:: EXERCISE OBJECTIVE ::
Exactly the lines from the one with "автосборщикам сдержать натиск" through the end of the data below must be set down, and no pictures with them.

:: DATASET EXTRACT ::
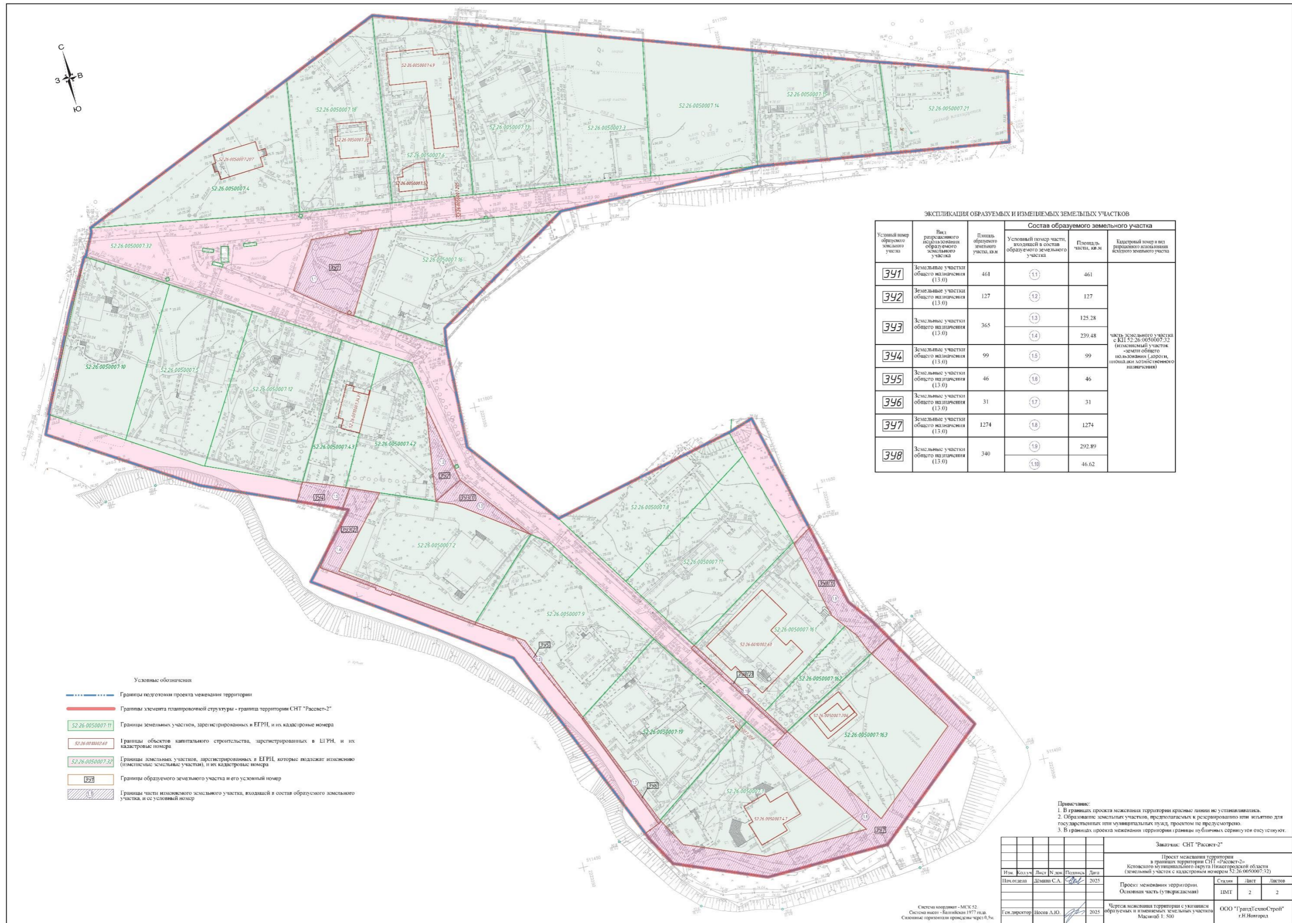
ЭКСПЛИКАЦИЯ ОБРАЗУЕМЫХ И ИЗМЕНЯЕМЫХ ЗЕМЕЛЬНЫХ УЧАСТКОВ
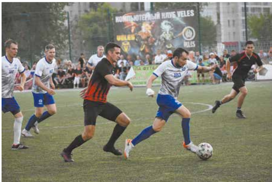
Футболисты АвЗ были настроены только на победу

автосборщикам сдержать натиск соперника и отразить волну атак. А дальше они начали прощупывать фланги, искали слабые места в обороне. И под занавес первого тайма нашли
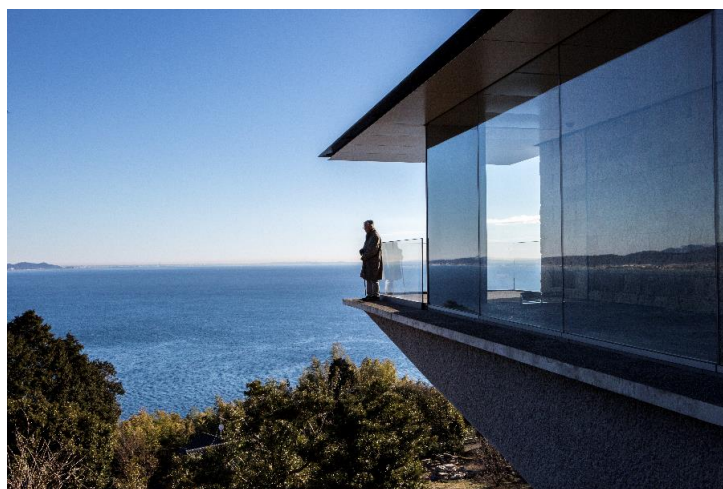
江之浦測候所 - 夏至光選擇 100メートルギャラリー先端

:: WRITTEN SOLUTION ::
автосборщикам сдержать натиск соперника и отразить волну атак. А дальше они начали прощупывать фланги, искали слабые места в обороне. И под занавес первого тайма нашли
江之浦測候所 - 夏至光選擇 100メートルギャラリー先端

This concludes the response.